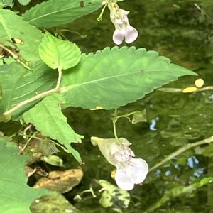 名前の通り 葉に隠れるように咲く ハガクレツリフネ🌿 (葉隠釣船) 和歌山〜四国 九州に 咲くそうです🫧🎶 *ツリフネソウ科 *ツリフネソウ属
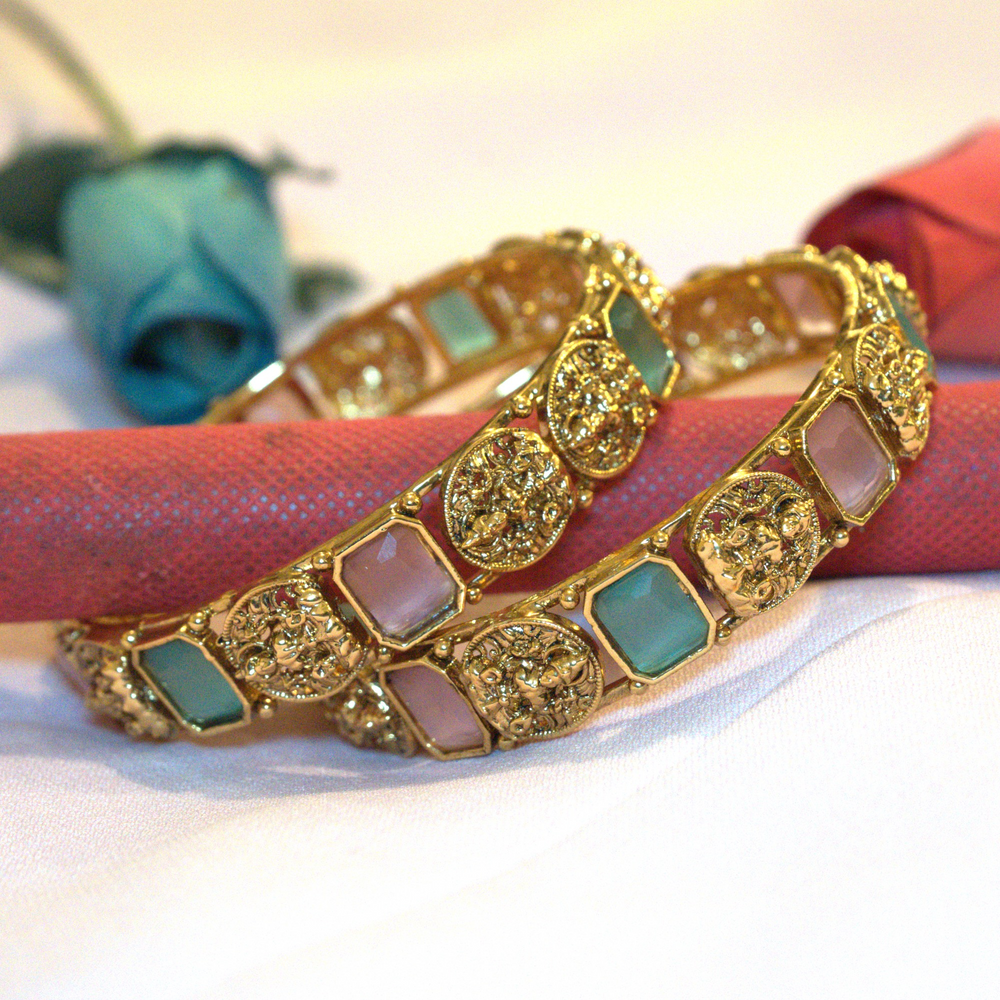 Antique Gold Lakshmi Temple Design Pink and Green Stone Bangles Size 2.8
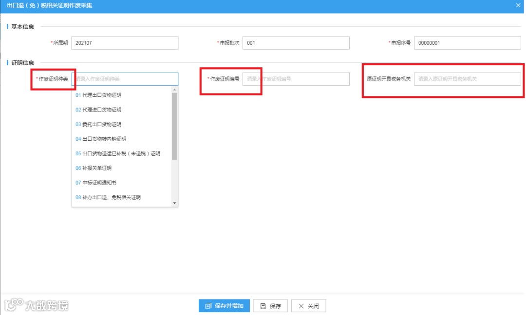 在明细数据采集中点击“新增”,填写需作废的“作废证明种类”、“编号”和“原开具税务机关”并保存。
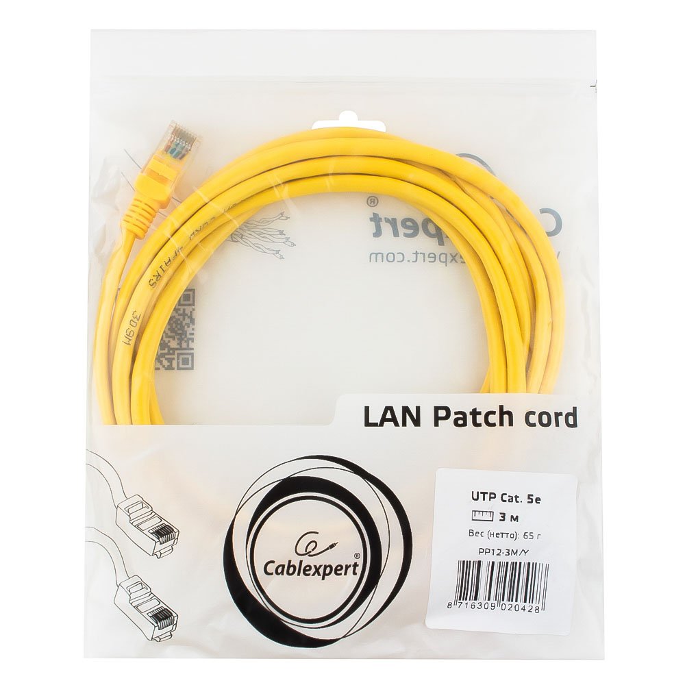 Патч-корд Cablexpert PP12-3M/Y UTP5e, 3 м, литой, многожильный, биметалл CCA, 26AWG, PVC, жёлтый
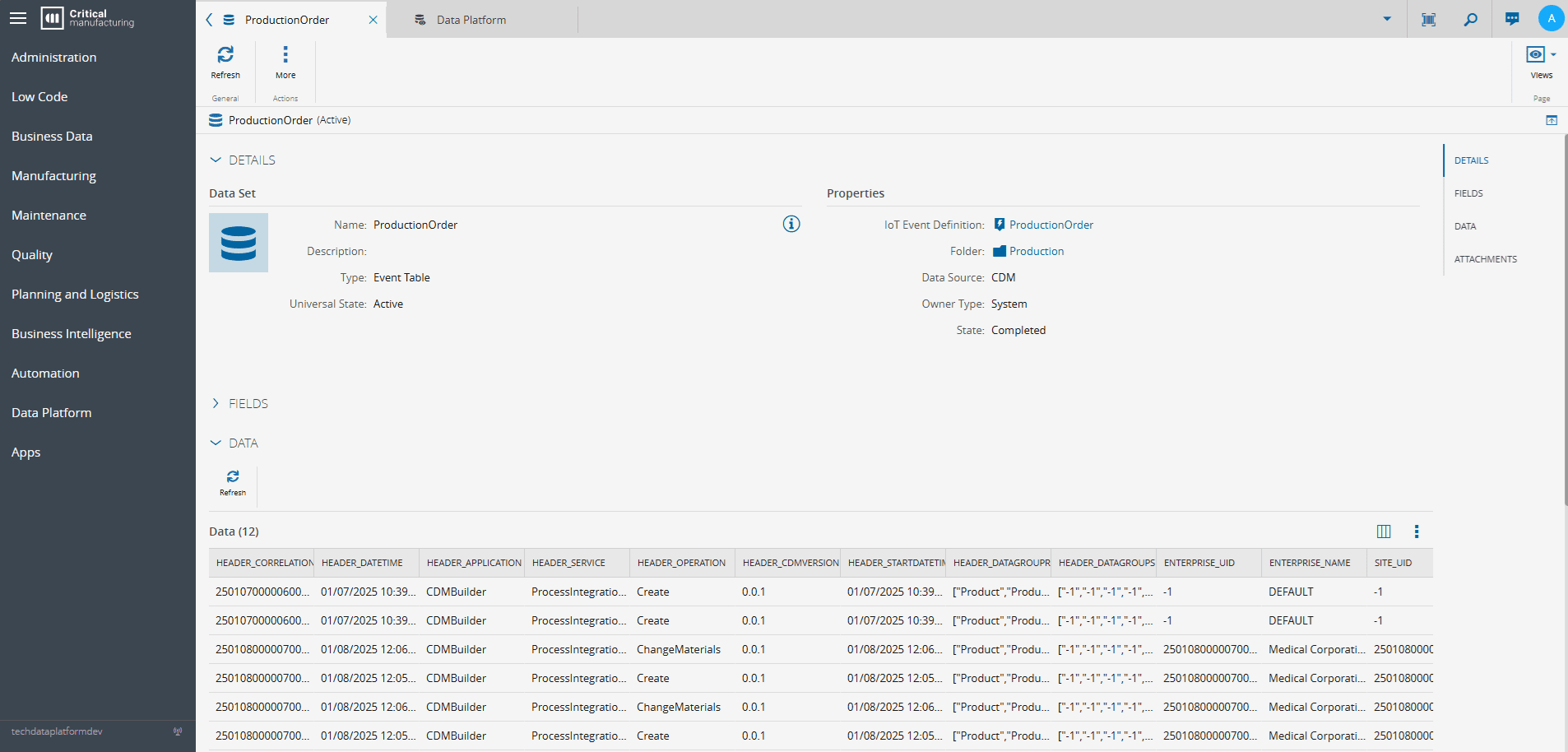 Fields: This section lists all the properties of the Data Set in a paginated table. They can be filtered by

__What needs to be done__
The range to transcribe runs from the line holding "Antique Gold Lakshmi" through the final line of the data above; copy it exactly and exclude the pictures.

__Expected answer__
 Antique Gold Lakshmi Temple Design Pink and Green Stone Bangles Size 2.8
 在明细数据采集中点击“新增”,填写需作废的“作废证明种类”、“编号”和“原开具税务机关”并保存。
 Патч-корд Cablexpert PP12-3M/Y UTP5e, 3 м, литой, многожильный, биметалл CCA, 26AWG, PVC, жёлтый
 Fields: This section lists all the properties of the Data Set in a paginated table. They can be filtered by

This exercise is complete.